**TASK REQUIREMENTS**:
Exact transcription, pictures omitted: begin at the top line of the records below and end with the line bearing "经过绿化员工们的细心养护,更".

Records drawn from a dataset
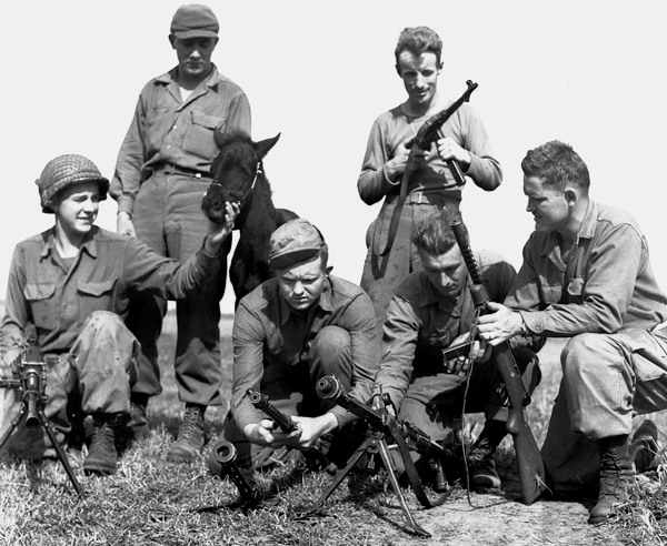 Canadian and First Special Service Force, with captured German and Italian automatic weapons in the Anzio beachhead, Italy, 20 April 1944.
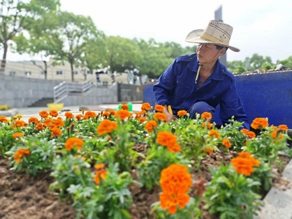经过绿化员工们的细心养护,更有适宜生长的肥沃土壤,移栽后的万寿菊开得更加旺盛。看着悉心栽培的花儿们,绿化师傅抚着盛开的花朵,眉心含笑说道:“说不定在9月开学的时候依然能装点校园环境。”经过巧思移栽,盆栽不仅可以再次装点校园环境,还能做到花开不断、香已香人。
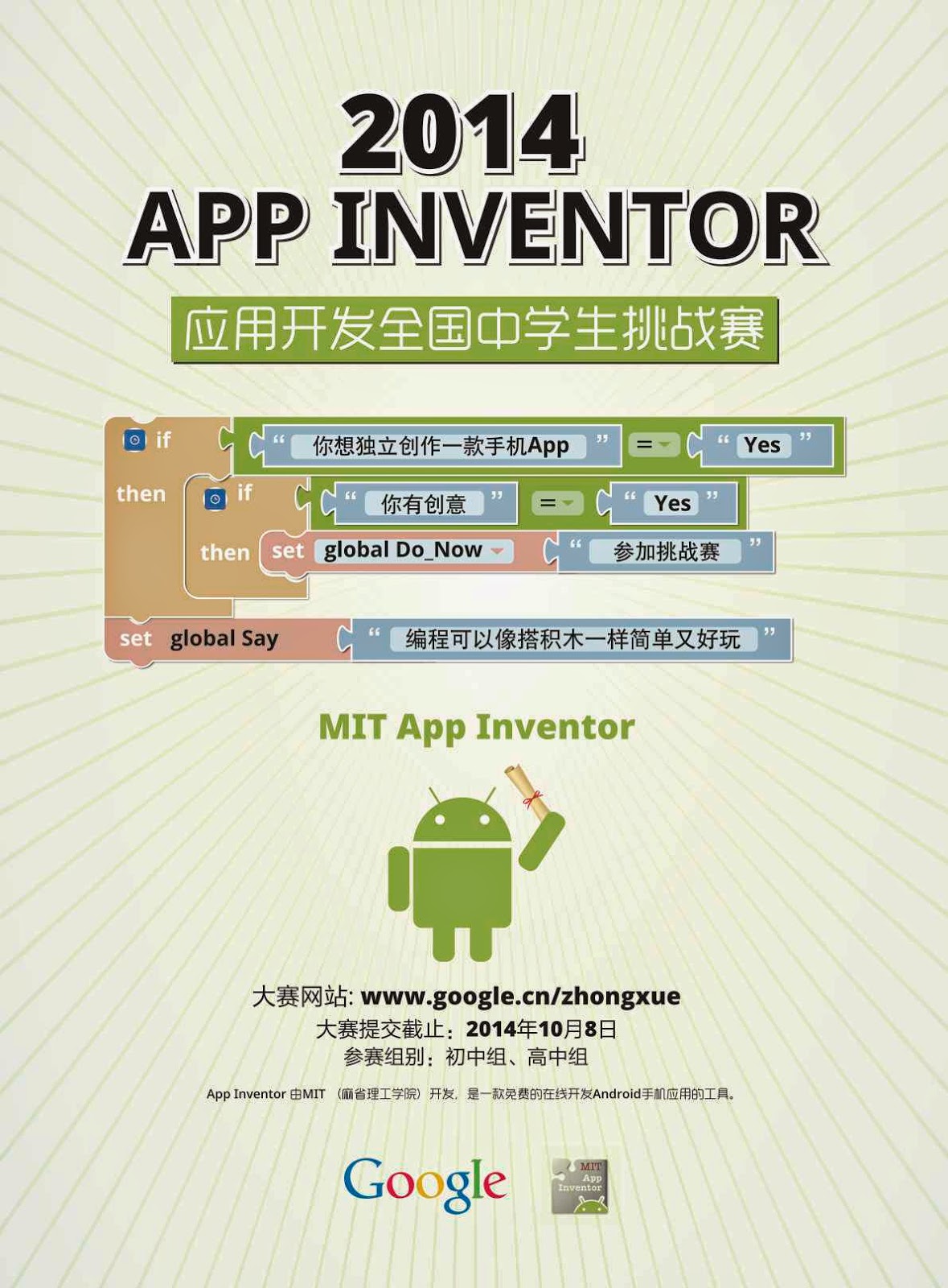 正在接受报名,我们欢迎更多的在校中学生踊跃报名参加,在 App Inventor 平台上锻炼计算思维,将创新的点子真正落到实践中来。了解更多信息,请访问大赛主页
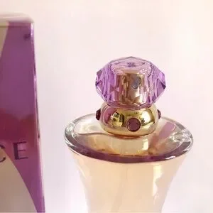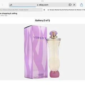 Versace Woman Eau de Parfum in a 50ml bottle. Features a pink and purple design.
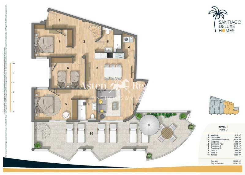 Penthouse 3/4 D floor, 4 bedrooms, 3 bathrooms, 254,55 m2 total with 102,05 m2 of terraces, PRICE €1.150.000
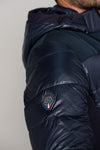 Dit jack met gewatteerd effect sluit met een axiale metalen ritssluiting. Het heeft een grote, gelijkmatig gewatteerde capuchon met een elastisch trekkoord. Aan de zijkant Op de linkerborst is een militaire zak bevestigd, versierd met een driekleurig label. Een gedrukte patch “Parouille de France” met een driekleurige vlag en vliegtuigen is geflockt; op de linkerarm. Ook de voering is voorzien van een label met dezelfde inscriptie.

**RESPONSE**:
 Canadian and First Special Service Force, with captured German and Italian automatic weapons in the Anzio beachhead, Italy, 20 April 1944.
经过绿化员工们的细心养护,更有适宜生长的肥沃土壤,移栽后的万寿菊开得更加旺盛。看着悉心栽培的花儿们,绿化师傅抚着盛开的花朵,眉心含笑说道:“说不定在9月开学的时候依然能装点校园环境。”经过巧思移栽,盆栽不仅可以再次装点校园环境,还能做到花开不断、香已香人。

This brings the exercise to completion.